Even when we don’t feel like listening, other people’s insight is valuable. It helps us grow. It helps us avoid making decisions we will likely later regret while we are in a bad situation. The trouble is truly listening to other people when our emotions are volatile. But we always benefit from listening to what other people have to say in response to our troubles, whether or not we act based on their words. And I mean listening well enough to clearly remember what they said well after they have said it.

Now, what does this have to do with discipline? Quite a bit. When we are in quality community, we can speak in the group about the things about which we are trying to be disciplined. This will allow the other people to hold us accountable to what we say we are doing. Then, when we struggle to maintain the discipline, when our training gets tough, we can tell our friends in the quality community about our struggles, and they can help us carry the burden. This is one way in which Galatians 6:2 comes to life. But both parties in the community must be honest and helpful with their words and actions.
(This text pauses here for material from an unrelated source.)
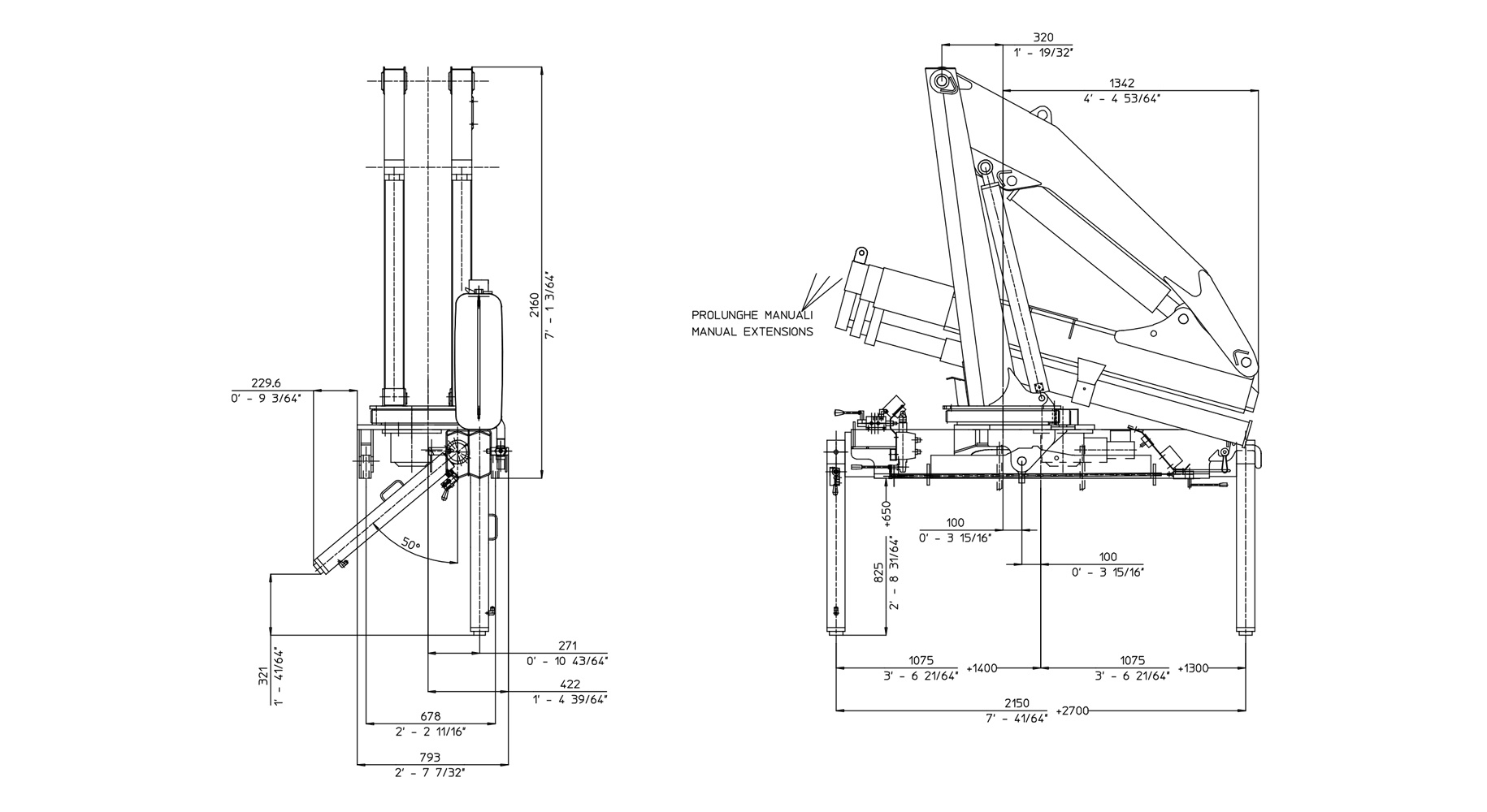 | Виліт із ручними подовжувачами | 12700 mm | 41'8" |
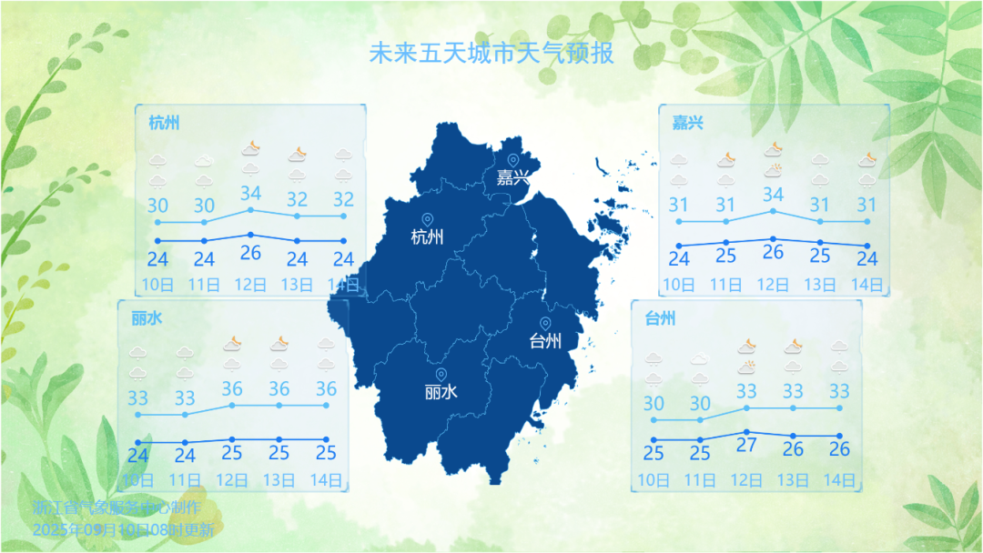 昨天,浙北高温熄火,但浙中南的气温仍然嚣张,最高气温36-38℃局地39-40℃。不过从今天开始,高温终于要全面缓和了。除了12日前后,浙南高温还偶有冒头外,其余大部接下去的天气,就不再是热火朝天。伴随着各种破纪录,今年火辣辣的盛夏终于结束了。

Interestingly, what people in the church say to each other seems to be a serious issue to the apostle Paul, enough to mention it numerous times in the same letter. In Ephesians 4 Paul discusses some themes of “living a life worthy of the calling to which [we] have been called,” which is being disciples of Christ and children of God. He says we are to be “building up the body of Christ” (verse 12) when we interact with one another. Regarding speech, he writes that, “speaking the truth in love, we are to grow up in every way into him who is the head, into Christ” (v. 15). Paul then explains that we are to live as a new creation in Christ rather than as the old creation that we were before Christ saved us. As a result of living as a new creation, Paul writes, “Therefore, having put away falsehood, let each one of you speak the truth with his neighbor, for we are members one of another” (v. 25).  Another change in our behavior due to the new life we have been given is that we should “let no corrupting talk come out of your mouths, but only such as is good for building up, as fits the occasion, that it may give grace to those who hear” (v. 29). Then, in chapter 5, Paul writes, “Let there be no filthiness nor foolish talk nor crude joking, which are out of place, but instead let there be thanksgiving,” regarding the behavior of the “saints” (vv. 3-4). Instead of this, he says we should “[address] one another in psalms and hymns and spiritual songs” (v. 19). This should come as a result of the Holy Spirit living in us, after we have taken Jesus to be our Savior and have received a new heart from God.

Speech is not the only part of our behavior that Paul says we should change, but due to how much attention he gives it, it seems important. And from my experience, we tend to be particularly damaging with our words–more so than our actions.

Now, specifically regarding discipline and quality community, I have some specific suggestions. First, sarcasm and insults have no place here. The least they do is to create a mood of cynicism and condescension, and the most they do is to permanently damage other people’s confidence. The children of God are all made new and are growing in Christ, and so we should treat each other accordingly. Instead of speaking in ways that potentially tear each other down, we should speak in ways that build each other up. If we criticize, let us do it with the intention of helping a person grow more mature in Christ. If we joke, let it be with the intention of helping the other person enjoy their life and the Lord more. And finally, whatever we say about another person’s discipline, if it is a good discipline, let us have the intention of helping them toward their goal.

Being in a quality community is a vital part of maintaining a discipline, as long as it is done well. And when quality community is done well, the discipline and the enjoyment of its fruit is likely to not just continue, but thrive.